The packing of the DNA with its bound proteins (chromatin fiber) within the cell nucleus is fundamental for these processes. In interphase, the chromatin of individual chromosomes locates in distinct chromosome territories with little intermingling. Genome-wide conformation capture studies such as Hi-C revealed that chromosomes can be divided into more transcriptionally active regions (A compartment) and inactive regions (B compartment). These are marked by specific histone modifications and interact with the same type of regions while avoiding the other compartment. The driving forces between this compartmentalization are complex and involve the folding of the chromatin fiber, general transcriptional activity and clustering of proteins and DNA, invoking mechanisms of phase separation. Liquid–liquid phase separation (LLPS) is a little understood multifactorial process underlying the self-organization of membraneless chromatin compartments, driven by intrinsic properties of the chromatin fiber, associated RNA and chromatin-binding proteins via disordered domains (e.g., BRD4) and/or by accumulation of transcription activators (transcription factories, RNA Pol II) (for a review see [1]).

Chromatin conformation capture approaches revealed regions with strong directionality of chromatin contacts within these compartments, visible as characteristic triangles in contact maps and referred to as topologically associating domains (TADs) (Fig. 1). Contact maps obtained with higher resolution show that TADs consist of single or multiple contacts formed by distinct chromatin loops [2], which we refer to as “structural loops”, because they are very similar in different cell types. Methods like Hi-C generally process millions of cells and hence contact maps represent an average of a large cell population and do not yield information about the presence of the individual loops in individual cells.

Fig. 1figure 1

Organizational layers of chromatin and their reflection in Hi-C maps. Organizational layers of the chromatin fiber in the cell nucleus (top) aligned with the representation of those features in Hi-C interaction maps (bottom). Chromosomes reside in distinct territories with little intermingling. Therefore, chromatin contacts occur predominantly within the same chromosome (left panels). Within the chromosomes compartments with different chromatin properties (A compartment—active chromatin, B compartment—inactive chromatin) can be observed that interact with regions belonging to the same compartment type (blue box) (middle panels). Underlying these features in the folding of the chromatin fiber into chromatin loops, to a large extend mediated by the cohesin complex and CTCF, visible in the 1 Mb region shown for chr19 as regions with strong interactions (right panels). (Hi-C maps were generated using data for HCT116 cells by Rao et al. 2017 [5] and Juicebox.)

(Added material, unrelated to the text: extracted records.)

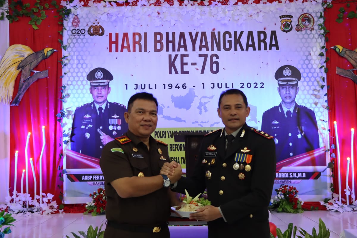 MediaSuaraMabes, Yapen – Puncak peringatan HUT Bhayangkara ke-76 yang jatuh pada 1 Juli 2022, secara serempak diperingati di seluruh Indonesia melalui upacara virtual yang dipimpin langsung oleh Presiden Jokowi selaku Inspektur upacara, Selasa (5/7/22).
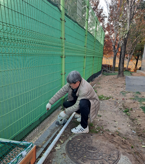 구리왕숙체육공원 외곽 청소(쓰레기 및 담배꽁초 수거) 및 테니스장 낙엽방지망 설치(2025. 11. 13.)
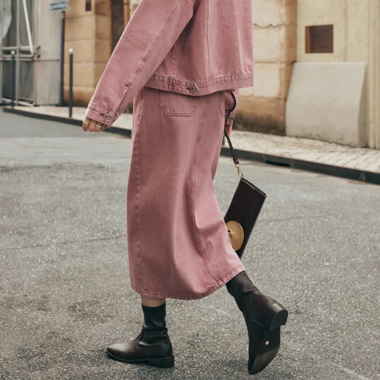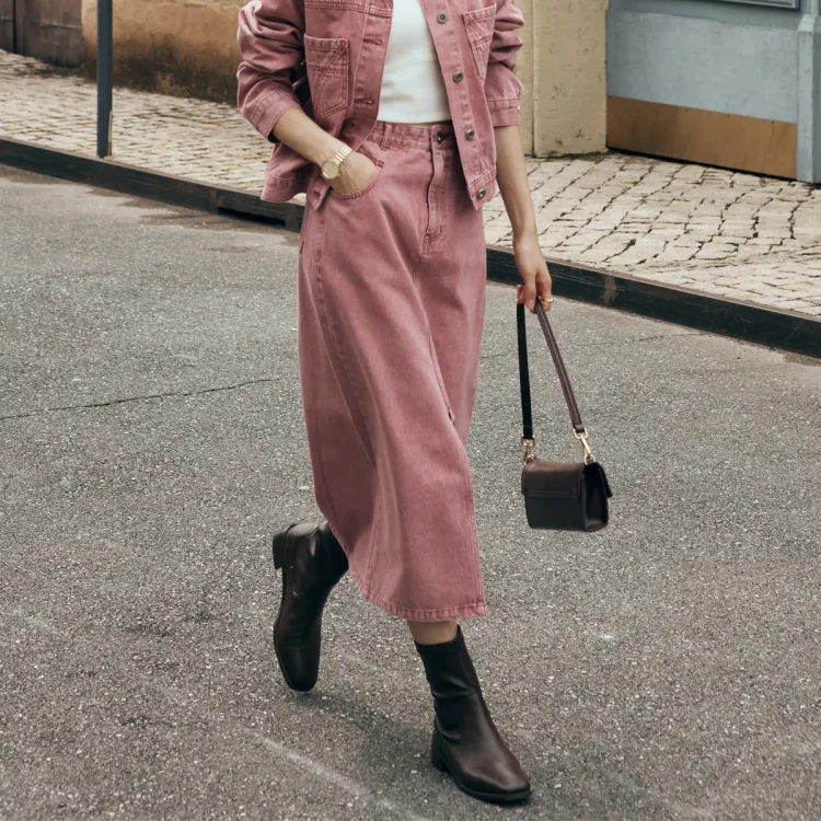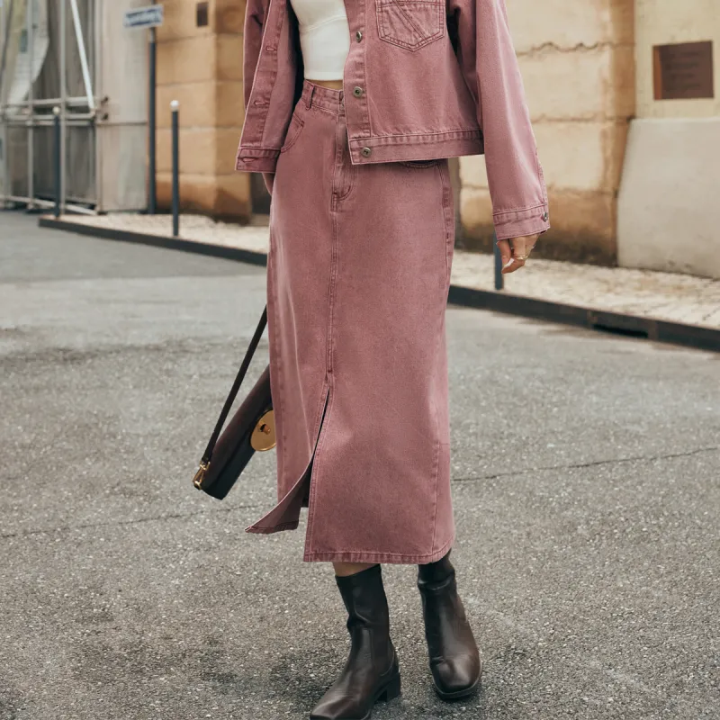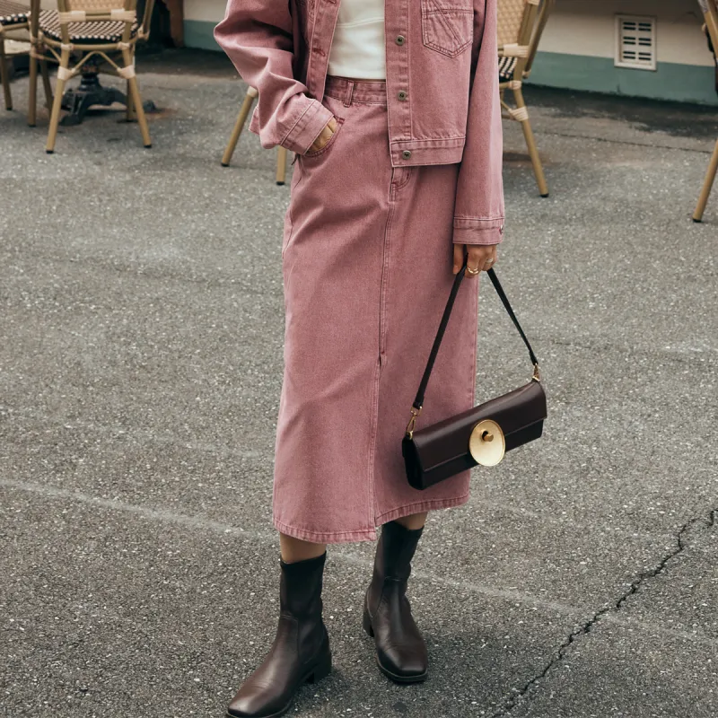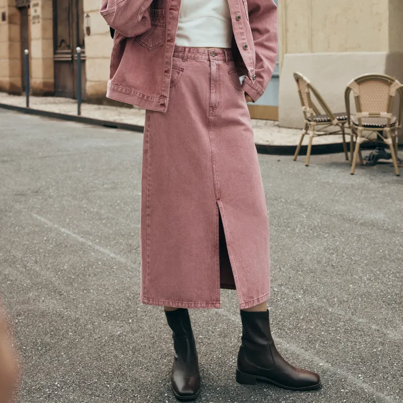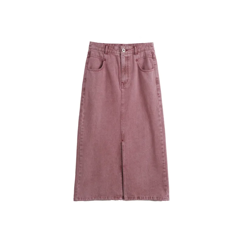 Olrain Деним Длинная Юбка Женская Розовая
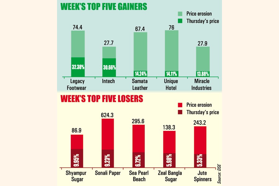 Legacy Footwear was the week's top gainer for the two consecutive weeks, soaring 32.38 per cent further while Shyampur Sugar Mills was the worst loser, shedding 9.95 per cent.
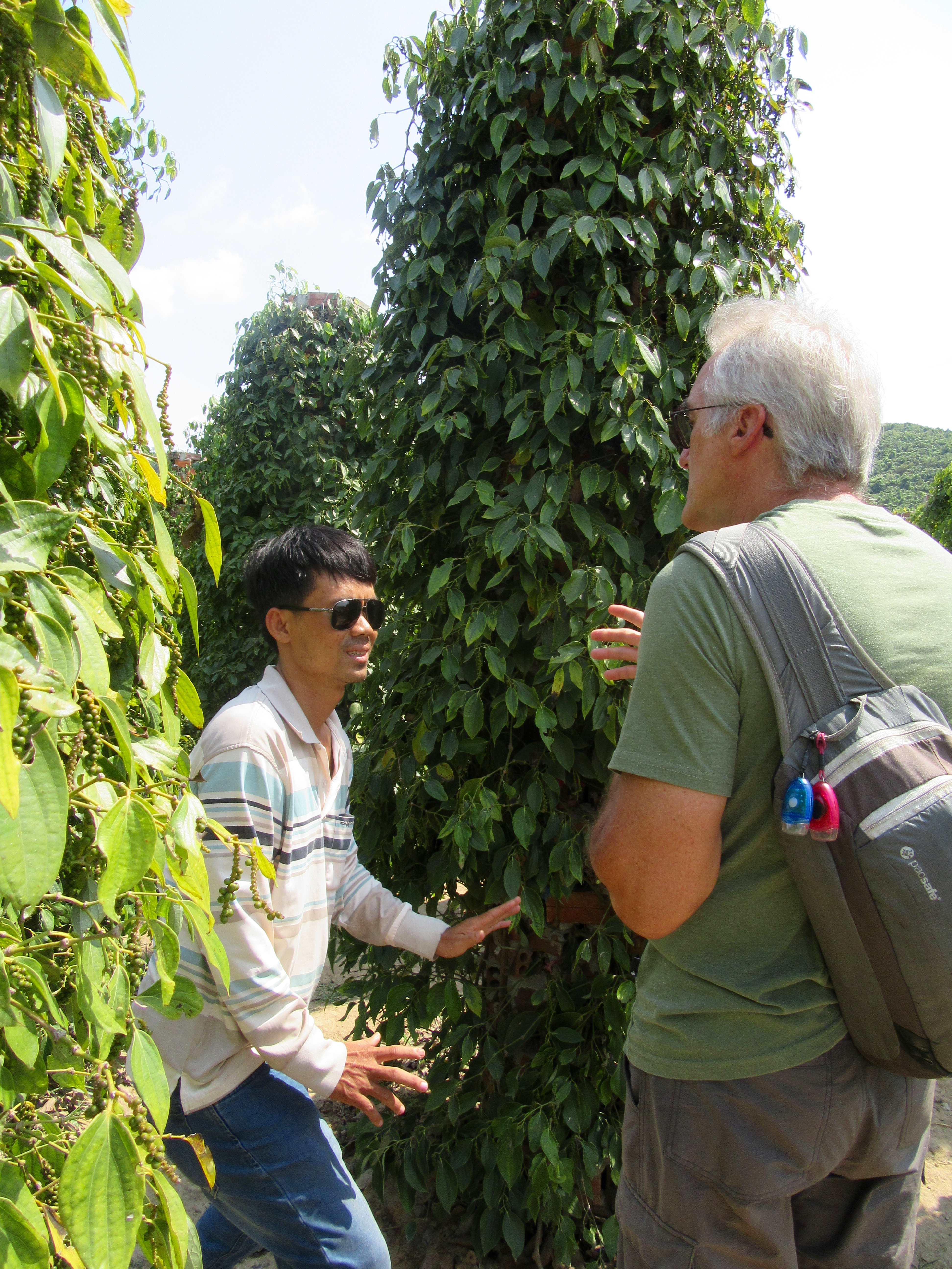 Robert et notre chauffeur de tuk tuk dans la plantation de poivre, Starling Farm, Kampot, Cambodge

Key proteins for the formation of structural loops are the cohesin complex and the chromatin insulator protein CTCF. Depletion of critical cohesin complex subunits such as RAD21 or CTCF leads to the apparent loss of chromatin loops [3,4,5]. Models for the establishment of chromatin loops by cohesin and CTCF suggest an intriguing mechanism of ATP-driven loop extrusion by the cohesin complex that is halted when the extrusion complex encounters two convergently oriented CTCF sites [6, 7]. Within these structural loops more loops are formed between enhancers and promoters which we refer to as “functional loops”. Among the players involved in the formation and positioning of such loops are RNA polymerase II [8], the Mediator complex [9] transcription factors and cohesin. A reorganization of chromatin loops occurs during cell division. During chromatin compaction in the prophase and prometaphase of mitosis, the interphase loops are replaced by a more homogeneous type of loop compaction generated by condensin I and condensin II, loop-extruding complexes that are structurally and mechanistically similar to cohesin [10]. During entry into G1-phase the cohesin-dependent loops are re-established [11] with cohesin-mediated loop extrusion ongoing during the entire interphase. Thus, all types of chromatin loops are dynamic and are re-organized during the cell cycle and by transcriptional cues during differentiation and development.

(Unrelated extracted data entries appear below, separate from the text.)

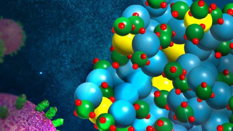 Scientists have developed tiny nanocrystal particles made up of isotopes of the elements lanthanum, vanadium, and oxygen for use in treating cancer. These crystals are smaller than many microbes and can carry isotopes of elements such as actinium and radium. These isotopes undergo radioactive decay, emitting alpha particles (helium nuclei) that destroy cancer cells in the process. The individual isotopes that the nanocrystals carry are too small to see. So, the researchers used advanced computer simulations and data from experiments to understand how the isotopes are arranged inside the nanocrystals. This knowledge will help researchers design more effective radioactive nanocrystals that target and kill tumors.
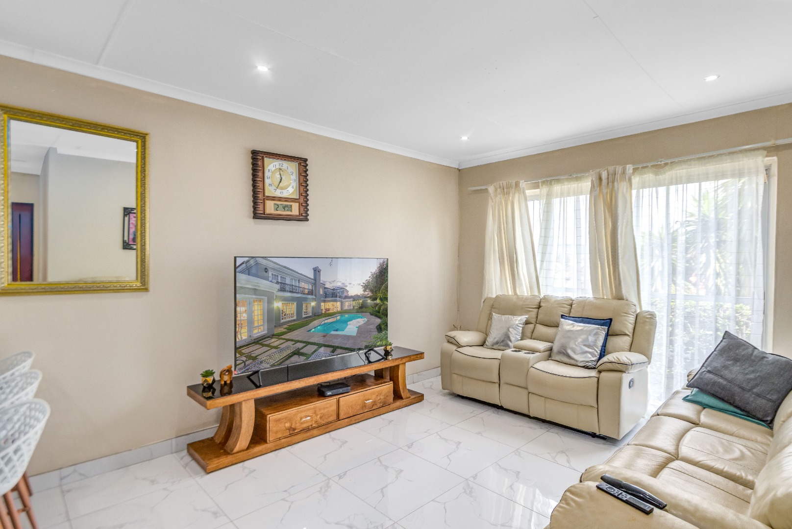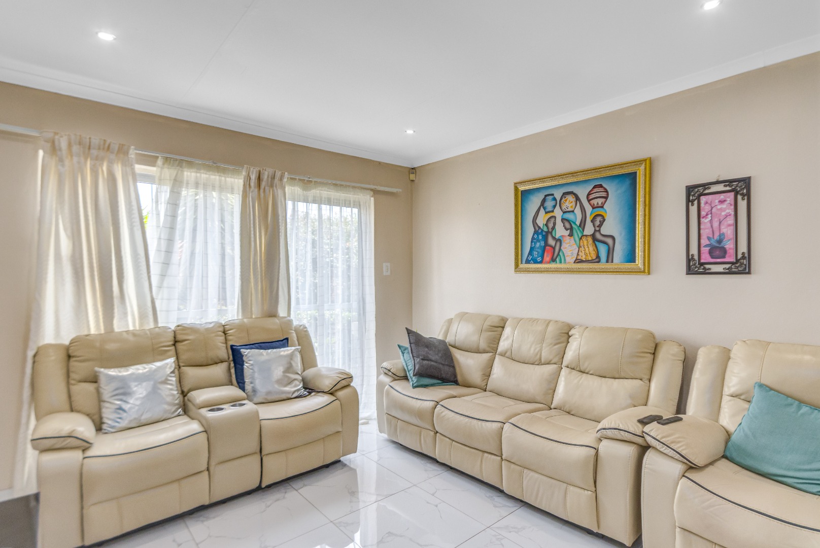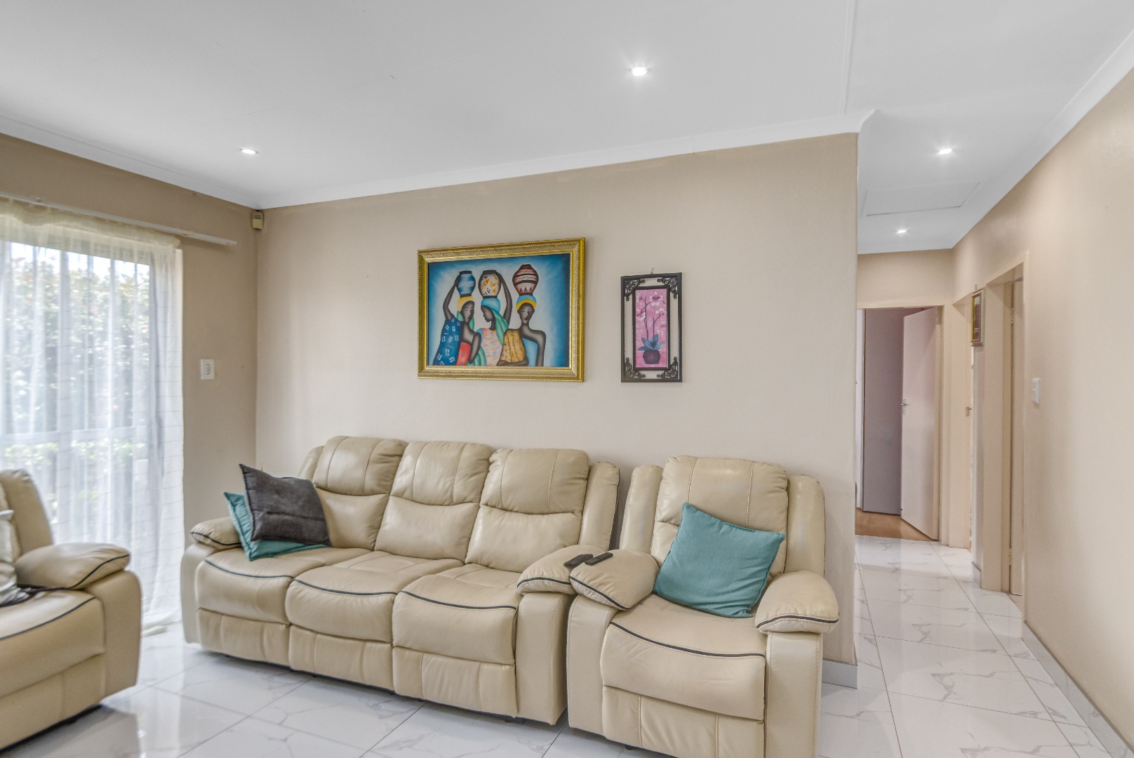 The home features three well-sized bedrooms with built-in cupboards and two bathrooms, including a main en-suite. The layout is practical and welcoming, with a neat, modern kitchen offering ample cupboard space and a breakfast counter that flows seamlessly into the living area — perfect for everyday living and entertaining.
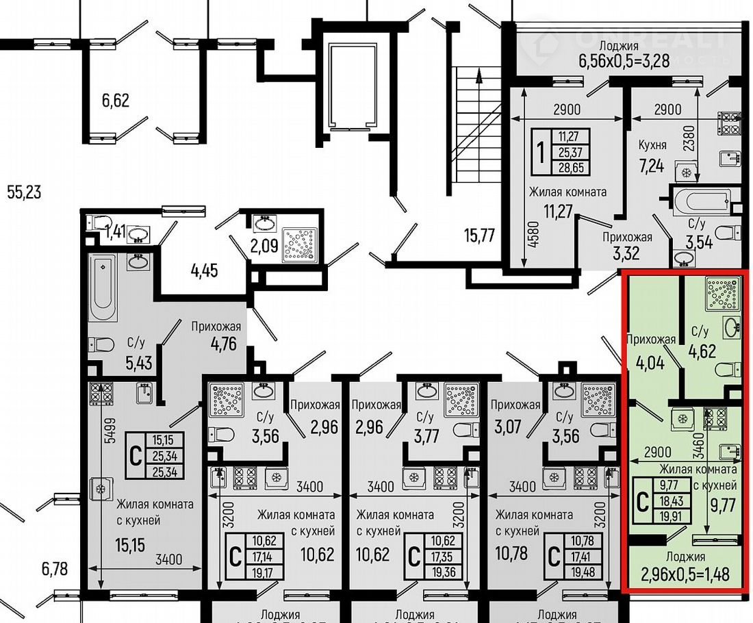 Квартира студия, 19.9 м2, этаж 1 / 9, на продажу в селе Небуг
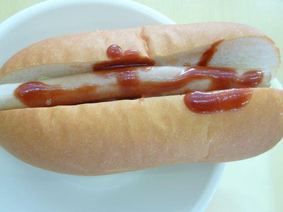 ホットドッグには、キャベツと長いウインナーをはさんでいただきました。
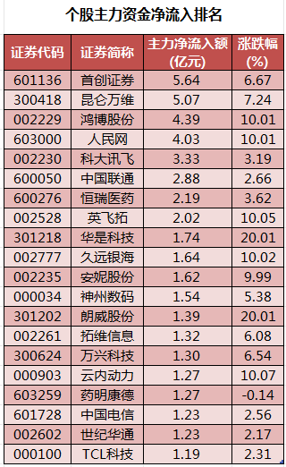 个股来看,今日有1542只个股获主力资金净流入,其中,24股获主力资金净流入超1亿元。首创证券获主力资金净流入最多,净流入金额为5.64亿元;主力资金净流入居前的个股还有昆仑万维、鸿博股份、人民网、科大讯飞、中国联通,流入金额分别为5.07亿元、4.39亿元、4.03亿元、3.33亿元、2.88亿元。
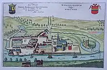 Warneton a été fortifié très tôt, avant 1127, puisque celles-ci ont été détruites lorsque Bertulphe Errembault se réfugia chez son cousin Alard de Warneton après le meurtre de Charles Ier de Flandre[12]. Une enceinte fortifiée est visible sur les plus anciens sceaux de la ville en 1226, et une charte du comte de Flandre confirme la présence de cette fortification. En 1382, après destruction, une reconstruction de grande ampleur a lieu sur ordre de Yolande de Bar, reconstruisant également le château. Ce plan de 1382 est conservé aux Archives du Royaume[13].

The loops provide a dynamic structural scaffold to chromatin and impact gene expression, by directly recruiting enhancers to promoters or indirectly through confining the search space of enhancers.

A general depletion of cohesin or CTCF in cells only leads to mild misexpression of a few hundred genes [12], indicating that TAD chromatin loops are only one layer for controlling gene expression. However, disruption or reorganization of specific loops has been shown to impair development in mouse models [13] and to be linked to diseases, including cancer (e.g., enhancer hijacking in AML [14]) and to developmental defects [15].

Chromatin conformation capture methods (such as 4C, Hi-C, Micro-C or GAM) cannot show the dynamics of chromatin loops since they analyze millions of cells simultaneously; while available single cell Hi-C data [16] as well as super-resolution chromatin tracing with DNA-FISH [17, 18] indicate cell-to-cell variability with respect to presence and position of loops. Moreover, all these methods miss out the fourth dimension—time—since they are carried out on fixed cells.

The observation and eventual manipulation of chromatin contacts in live cells by imaging techniques provides a new perspective on chromatin dynamics. Fundamental questions can be approached from a different angle, for example the dynamics of promoter–enhancer interactions, the stability and duration of looping interactions, the role of proteins (in addition to CTCF and cohesin) and protein aggregates/droplets (e.g., transcription factories) for stabilizing or destabilizing specific loops and chromatin-reorganizing processes (replication and cell division). These observations require the labeling of DNA loci with fluorophores and live-cell imaging at high resolution. Major challenges include the selection of suitable labeling approaches to obtain a high signal-to-background ratio that permits visualization and tracking of the signals, to allow imaging over long periods of time (see also the review by the Hansen lab) [19]. In this review, we will discuss the different approaches successfully used to label DNA loci in live cells and highlight novel insights gained with these techniques.

Single locus labeling approachesFluorescent repressor operator systems (FROS)

The first approach used to visualize specific sequences in mammalian cell nuclei was the lac operator–repressor system. In a pioneer study, Robinett et al. [20] inserted a mammalian DHFR expression vector with 256 lac repeats randomly into the genome of Chinese hamster ovary cells and demonstrated that the genetically amplified operator array gives a comparable chromatin staining after in situ hybridization, immunostaining with exogenous lac repressor protein after fixation and live cells by expressing the lac repressor protein fused to a fluorescent protein and a nuclear localization signal. Moreover, in the absence of gene amplification but with appropriate nuclear expression levels, a single copy insertion of 256 lac repeats provided sufficient signal-to-background signal to detect the locus as a diffraction limited spot (Table 1) [20].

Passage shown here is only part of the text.